- TASK DIRECTIONS -
What you return must match the data below exactly, minus any pictures.

(Beginning of PROVIDED DATA)

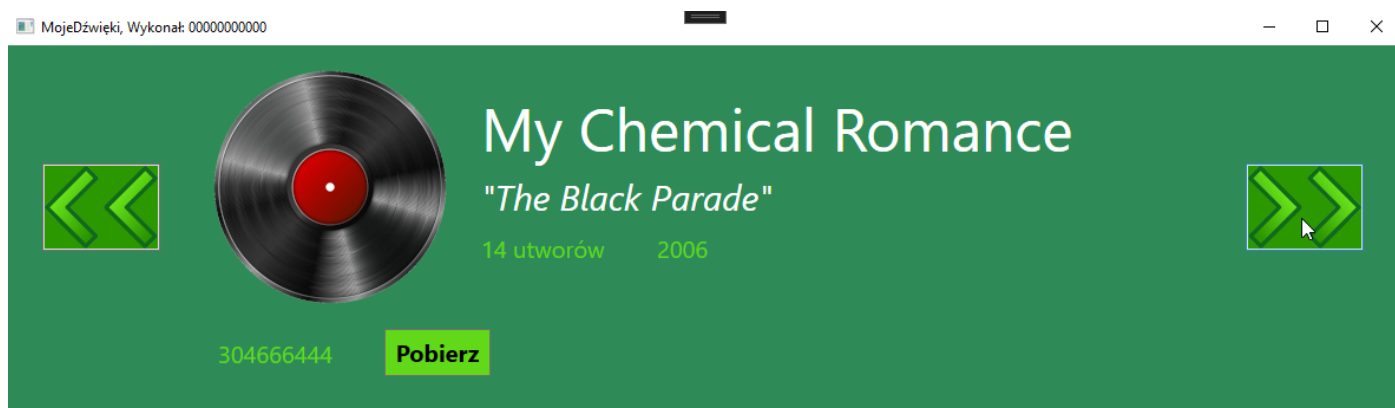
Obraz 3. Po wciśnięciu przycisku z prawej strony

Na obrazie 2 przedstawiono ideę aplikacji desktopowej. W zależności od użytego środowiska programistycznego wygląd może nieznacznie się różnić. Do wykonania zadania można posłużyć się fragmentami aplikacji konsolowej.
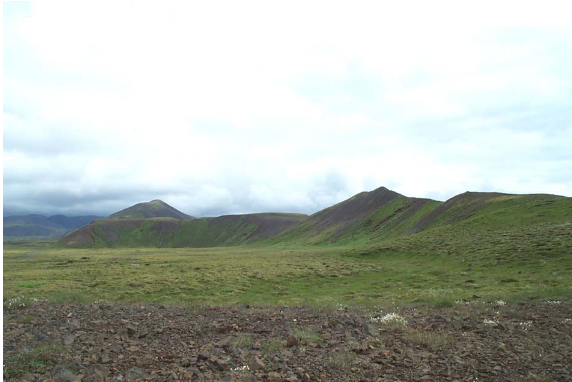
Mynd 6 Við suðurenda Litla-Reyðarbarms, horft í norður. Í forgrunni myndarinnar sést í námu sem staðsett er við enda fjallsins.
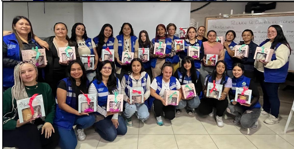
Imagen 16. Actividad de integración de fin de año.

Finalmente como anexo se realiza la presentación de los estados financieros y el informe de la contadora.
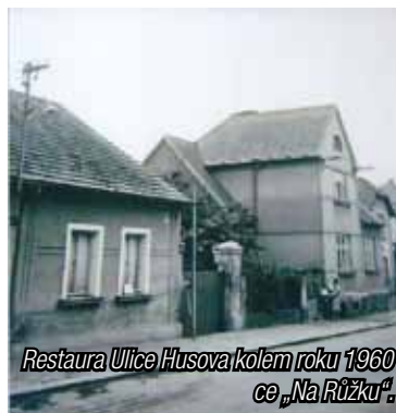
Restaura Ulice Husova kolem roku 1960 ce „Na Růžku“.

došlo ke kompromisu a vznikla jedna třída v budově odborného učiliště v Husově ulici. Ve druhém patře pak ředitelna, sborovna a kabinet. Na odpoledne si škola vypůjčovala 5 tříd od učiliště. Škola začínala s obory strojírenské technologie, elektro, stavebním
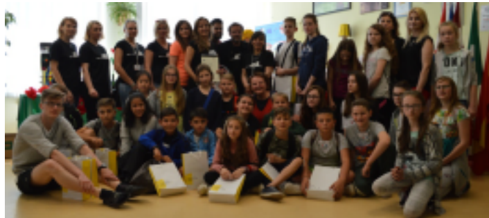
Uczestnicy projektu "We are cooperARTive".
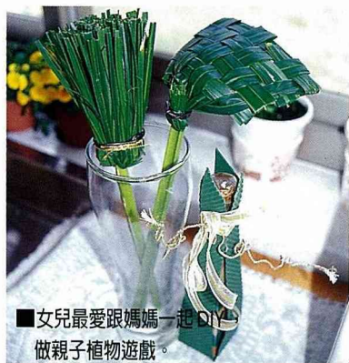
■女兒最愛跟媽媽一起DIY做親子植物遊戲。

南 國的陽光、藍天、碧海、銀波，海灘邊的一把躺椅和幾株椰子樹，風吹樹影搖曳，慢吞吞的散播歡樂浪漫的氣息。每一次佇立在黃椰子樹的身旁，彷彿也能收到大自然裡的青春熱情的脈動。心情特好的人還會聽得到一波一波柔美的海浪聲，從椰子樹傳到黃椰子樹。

(End of PROVIDED DATA)

- WORKED SOLUTION -
Obraz 3. Po wciśnięciu przycisku z prawej strony

Na obrazie 2 przedstawiono ideę aplikacji desktopowej. W zależności od użytego środowiska programistycznego wygląd może nieznacznie się różnić. Do wykonania zadania można posłużyć się fragmentami aplikacji konsolowej.
Mynd 6 Við suðurenda Litla-Reyðarbarms, horft í norður. Í forgrunni myndarinnar sést í námu sem staðsett er við enda fjallsins.
Imagen 16. Actividad de integración de fin de año.

Finalmente como anexo se realiza la presentación de los estados financieros y el informe de la contadora.
Restaura Ulice Husova kolem roku 1960 ce „Na Růžku“.

došlo ke kompromisu a vznikla jedna třída v budově odborného učiliště v Husově ulici. Ve druhém patře pak ředitelna, sborovna a kabinet. Na odpoledne si škola vypůjčovala 5 tříd od učiliště. Škola začínala s obory strojírenské technologie, elektro, stavebním
Uczestnicy projektu "We are cooperARTive".
■女兒最愛跟媽媽一起DIY做親子植物遊戲。

南 國的陽光、藍天、碧海、銀波，海灘邊的一把躺椅和幾株椰子樹，風吹樹影搖曳，慢吞吞的散播歡樂浪漫的氣息。每一次佇立在黃椰子樹的身旁，彷彿也能收到大自然裡的青春熱情的脈動。心情特好的人還會聽得到一波一波柔美的海浪聲，從椰子樹傳到黃椰子樹。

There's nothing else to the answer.